To quote Britney, I feel so overprotected.


----------



## lab49232 (Sep 13, 2011)

The thing with this is that it's functional use will be highly limited. Resorts with night riding are lit obviously, the real problem with a head lamp is light coming from one focal point pointed forward. And when snowboarding you aren't looking directly in front of you especially only a short direction. You should be looking far down the run and picking out spaces, points, bumps, turns, etc well ahead of time. A head lamp approach doesn't actually work well for allowing this. It'll work in a gimmick slow riding open terrain kind of way, but it will never be an actual thing and doesn't serve any real practical use. But hey go out and screw around with it, it'll still be fun to just play with if ya want.


----------



## Brian_Blessed (Apr 1, 2017)

lab49232 said:


> The thing with this is that it's functional use will be highly limited. Resorts with night riding are lit obviously, the real problem with a head lamp is light coming from one focal point pointed forward. And when snowboarding you aren't looking directly in front of you especially only a short direction. You should be looking far down the run and picking out spaces, points, bumps, turns, etc well ahead of time. A head lamp approach doesn't actually work well for allowing this. It'll work in a gimmick slow riding open terrain kind of way, but it will never be an actual thing and doesn't serve any real practical use. But hey go out and screw around with it, it'll still be fun to just play with if ya want.

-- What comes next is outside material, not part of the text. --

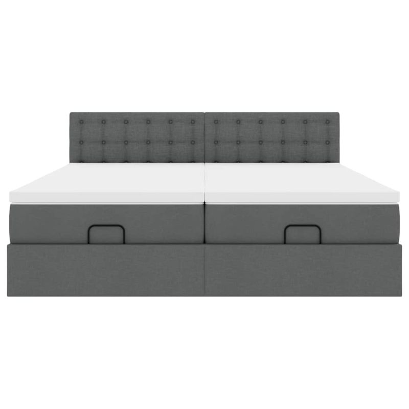 Използвайте това легло с матрак, за да се насладите на спокоен нощен сън! То ви предлага едновременно решение за съхранение и комфортен сън. Мек и издръжлив материал: Полиестерната тъкан предлага комбинация от мекота, дишане и издръжливост, гарантирайки ви да изпитате максимален комфорт и уют.Матрак с джоб пружини: Този матрак с джоб пружини има индивидуални пружини с джобчета, които работят независимо, за да осигурят персонализирана опора, като реагират само на натиска във всяка област. Този дизайн предотвратява "свличането" към средата на матрака и намалява прехвърлянето на движение в сравнение с традиционните матраци с отворени намотки. Всяка покет пружина поддържа тялото индивидуално.Достатъчно място за съхранение под леглото: Благодарение на хидравличния повдигащ механизъм рамката на леглото предлага обширно пространство за съхранение под леглото, което увеличава пространството, без да заема допълнителна площ. Само с едно издърпване на дръжката основата на ламелите се повдига плавно, което ви позволява да прибирате вещите си бързо и без усилие.Удобен горен матрак: Този топ матрак подобрява опората и комфорта със своята мека, дишаща повърхност, като същевременно удължава живота на вашия матрак. Подвижният му калъф позволява лесно изпиране, което прави поддръжката лесна. Добре е да се знае:Това двойно легло се състои от две единични легла, като всяка ламелна основа може да се повдига самостоятелно.От хигиенни съображения матракът не може да бъде върнат, ако опаковката е отстранена или отворена.

Building on this though - strap another lamp round your front leg, pointing over the front of your board. Should help a lot. Olight HS2 is superb by the way.


----------



## drblast (Feb 28, 2017)

lab49232 said:


> The thing with this is that it's functional use will be highly limited. Resorts with night riding are lit obviously, the real problem with a head lamp is light coming from one focal point pointed forward. And when snowboarding you aren't looking directly in front of you especially only a short direction. You should be looking far down the run and picking out spaces, points, bumps, turns, etc well ahead of time. A head lamp approach doesn't actually work well for allowing this. It'll work in a gimmick slow riding open terrain kind of way, but it will never be an actual thing and doesn't serve any real practical use. But hey go out and screw around with it, it'll still be fun to just play with if ya want.


Yeah, people use headlamps at night on the mountain I go to. It's a tradeoff...see really well for five feet in front of you at the expense of your night vision which would help you see where you're going.

I try to stay away from those people because I'm pretty sure they'll never see me.

One thing you can do is find a red light that will still provide enough light to see if you get stuck in a dark area with no recourse, but won't completely ruin your ability to see anything else. Most camping gear/lights have that feature.


----------



## timmytard (Mar 19, 2009)

I've thought about putting a black light in a headlamp.

You know, the kind that make white shirts glow at the bar.

Think I brought it up here once before, and the majority said it wouldn't work.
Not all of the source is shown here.